Supplied entries –
=-=-=-=-=

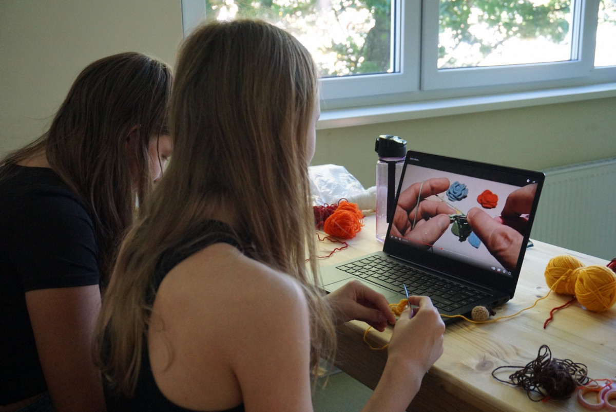 Stricken ist kein Hobby, es ist eine Lebenseinstellung! – Das versuchen die Teilnehmer*innen jetzt im Strick-Workshop für sich zu entdecken. Trotzdem, dass viele Anfänger dabei sind, haben sich alle ein Ziel gesetzt: Hausschuhe, Kissenbezüge oder einfach Stricken lernen. Aber es ist nicht das Einzige, was man dort lernen kann: Einige versuchen sich auch am Häkeln. (an,lo)
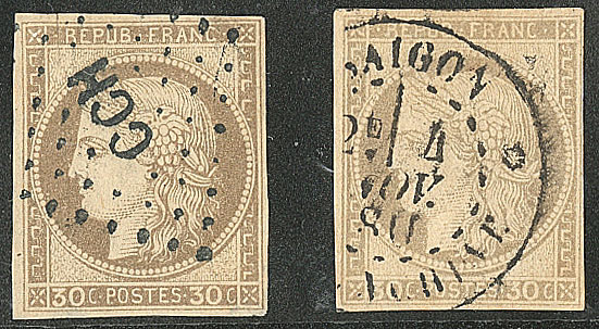 COCHINCHINE. Précurseurs. CG 20, obl losange "CCH" et Saïgon, un ex aminci. - TB (cote Yvert : 290€) (Image)
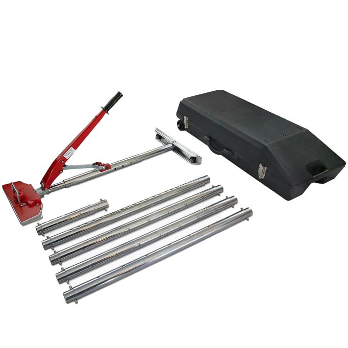 This swivel head power stretcher for wall-to-wall carpet installation has 5 lock points with 60 degrees of movement for angles and corners. Comes with 1 pc 18 hole tube, 3 pcs 7 hole tube, 1 pc tail block, 1 pcs transfe tube, and rigid blow case.
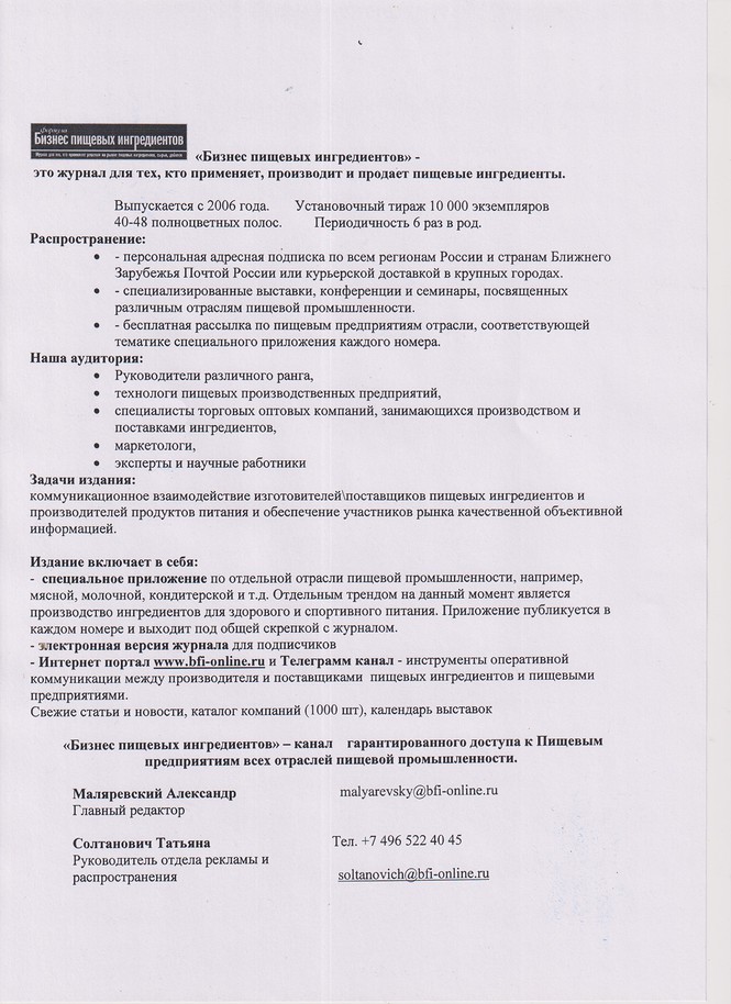 Журнал для тех, кто принимает решения на рынке пищевых ингредиентов, сырья и добавок
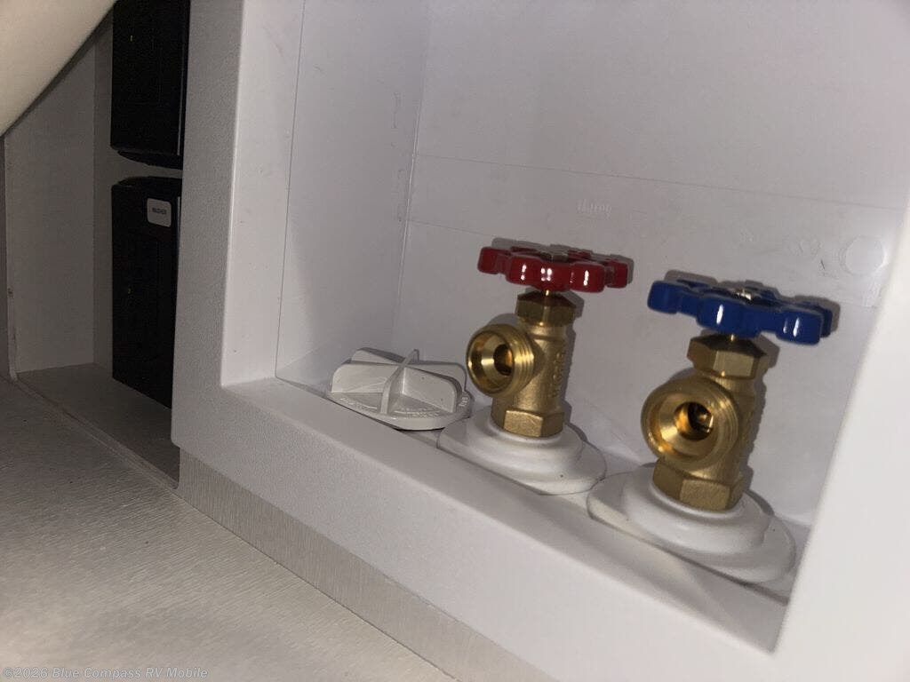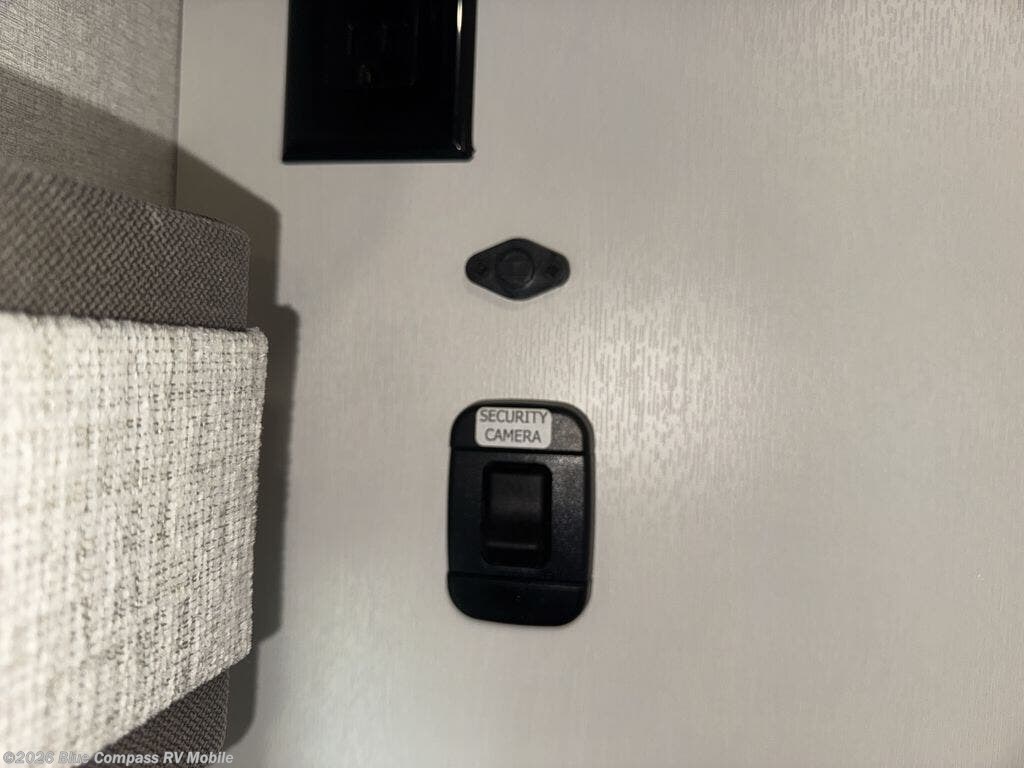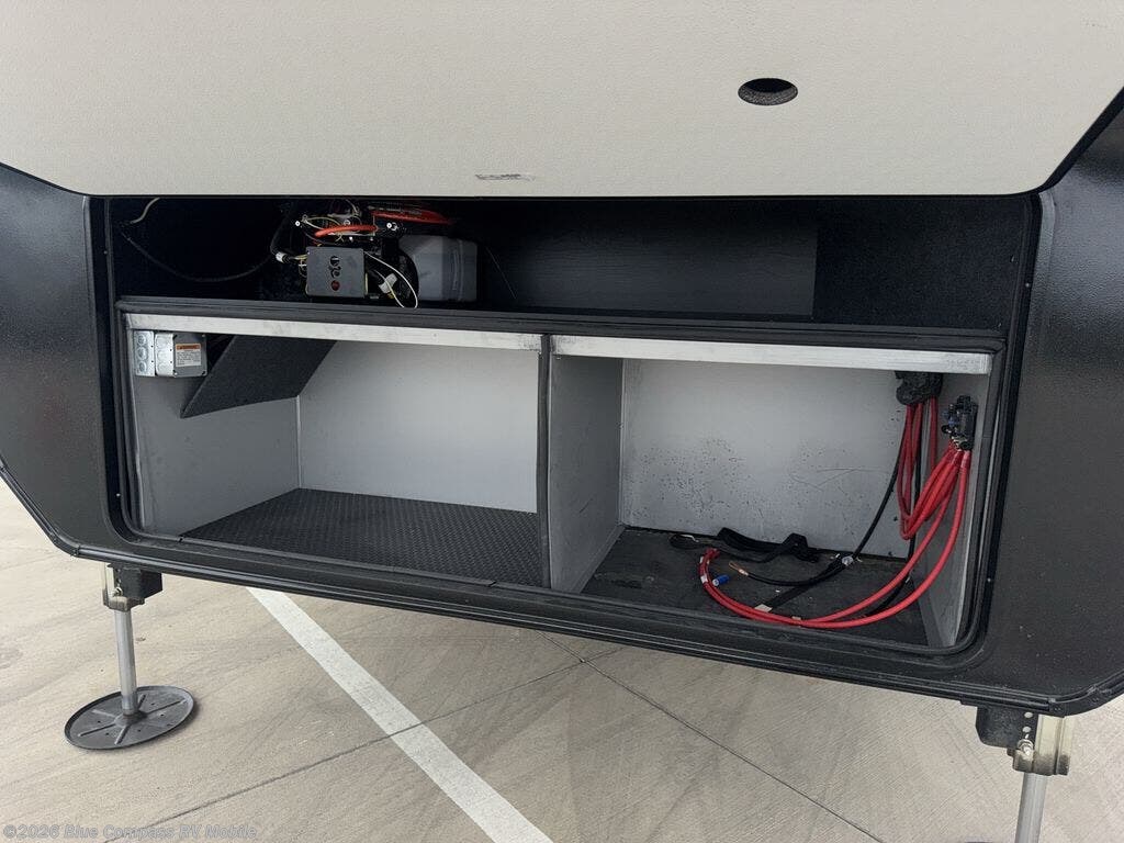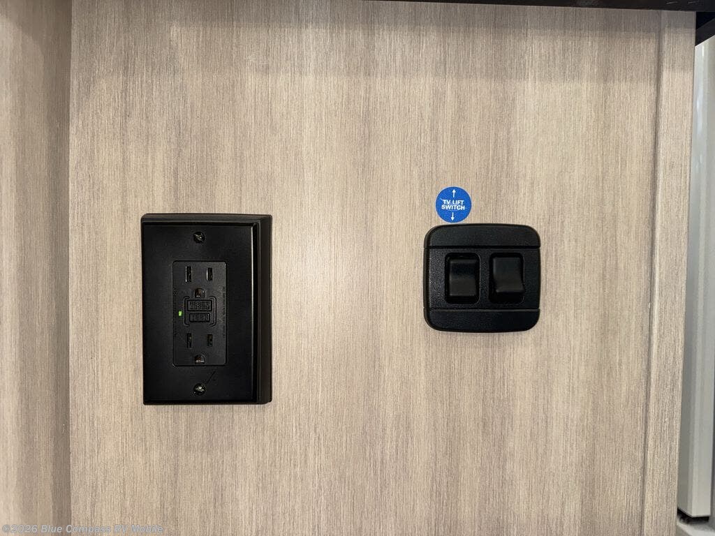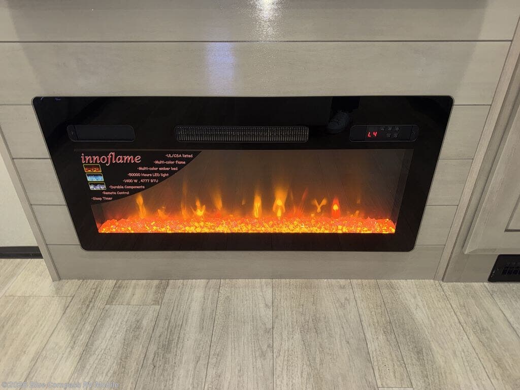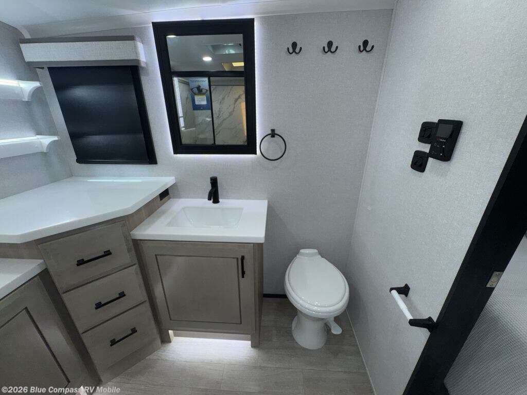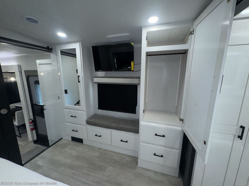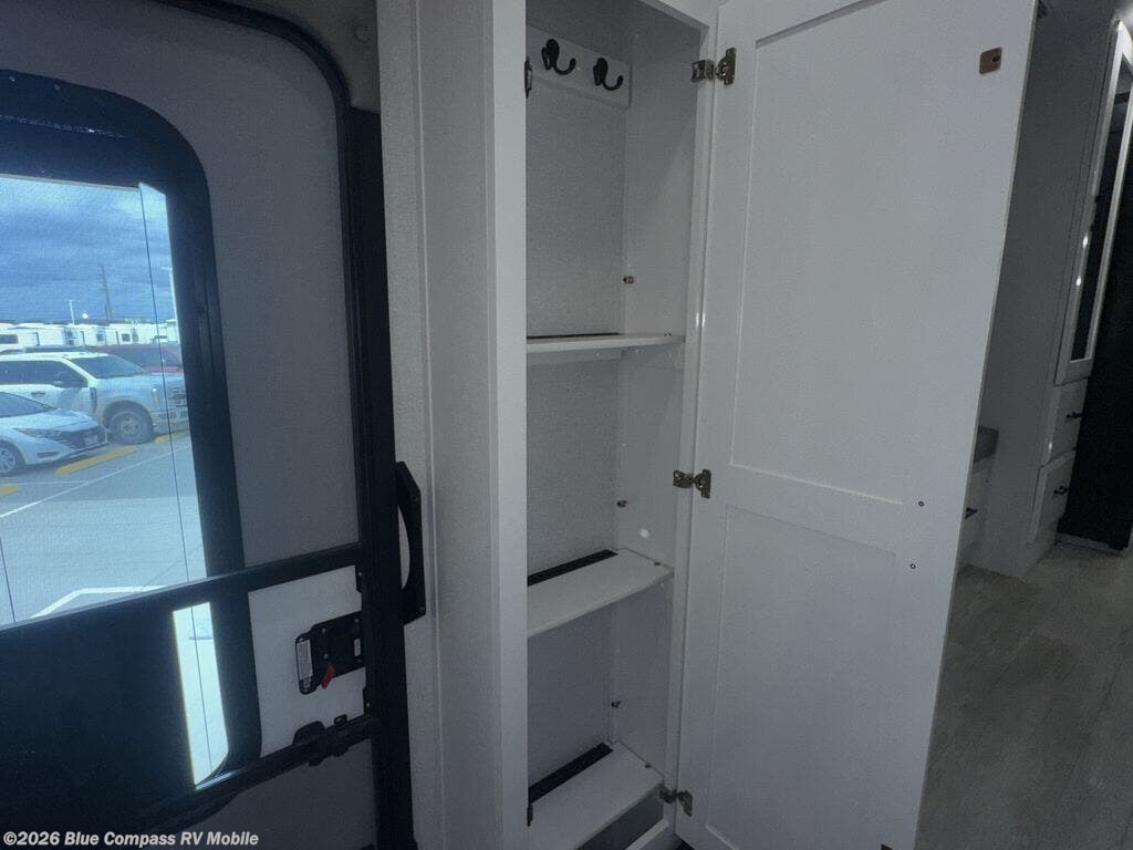 At the front of this fifth wheel, a spacious living area welcomes you with a theater seat and dual opposing slides that hold two tri-fold sofas, perfect for gathering the whole crew after a day of adventure and easily converted into extra sleeping space when needed. A 65" TV enhances cozy movie nights. Moving into the center, the kitchen opens up with its own slide-out, offering a 21-cu. ft. residential refrigerator, 30" convection microwave, 24" range, and plenty of overhead cabinets, along with a functional island equipped with a sink, pull-out cutting board, and generous prep space. A pantry sits conveniently nearby for dry goods, while a half bath across the way adds everyday convenience. Opposite the island, a roll-top dinette in another slide provides even more room to move around and the perfect spot for meals or board games. Toward the rear, the spacious bedroom features a 72" x 80" king bed in a slide for added walking space, along with a bench, a 32" TV, and dual wardrobes for clothing and essentials. At the very back, a luxurious full bathroom awaits, complete with double sinks for smooth morning routines and a 36" x 48" shower with a built-in seat for comfort and accessibility.
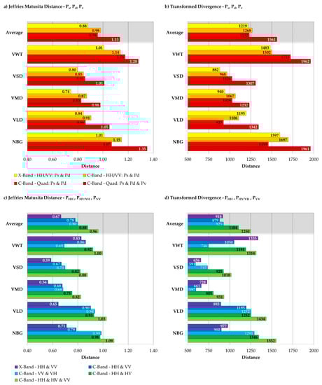 The separability features Jeffries Matusita Distance (JD) and Transformed Divergence (TD) [,] were further investigated to examine the differences between C- and X-Band, between the two and three component decomposition features and to examine if PolSAR decomposition offers better class separation compared to the “pure” intensities of the polarimetric channels. The values of the dimensionless JD range from 0.0 to . The values of the dimensionless Transformed Divergence range usually from 0 to 2000. The higher the value of a separability feature the higher is the estimated separation of the classes in the feature space and the expected classification accuracy. JD and TD require that the values of the classes are normally distributed. This is usually not the case; however a common assumption for natural targets and media for simplicity reasons. JD and TD then estimate the overlap between the multivariate normal distributions of two classes of interest in a given feature space. Less (more) overlap indicates better (worse) separability and therefore the classification accuracy is expected to be higher (lower).

=-=-=-=-=

What to work on –
Transcribe, from the records above, the first line and every line after it up to and including the line with "COCHINCHINE. Précurseurs. CG"; omit pictures.

Your response –
 Stricken ist kein Hobby, es ist eine Lebenseinstellung! – Das versuchen die Teilnehmer*innen jetzt im Strick-Workshop für sich zu entdecken. Trotzdem, dass viele Anfänger dabei sind, haben sich alle ein Ziel gesetzt: Hausschuhe, Kissenbezüge oder einfach Stricken lernen. Aber es ist nicht das Einzige, was man dort lernen kann: Einige versuchen sich auch am Häkeln. (an,lo)
 COCHINCHINE. Précurseurs. CG 20, obl losange "CCH" et Saïgon, un ex aminci. - TB (cote Yvert : 290€) (Image)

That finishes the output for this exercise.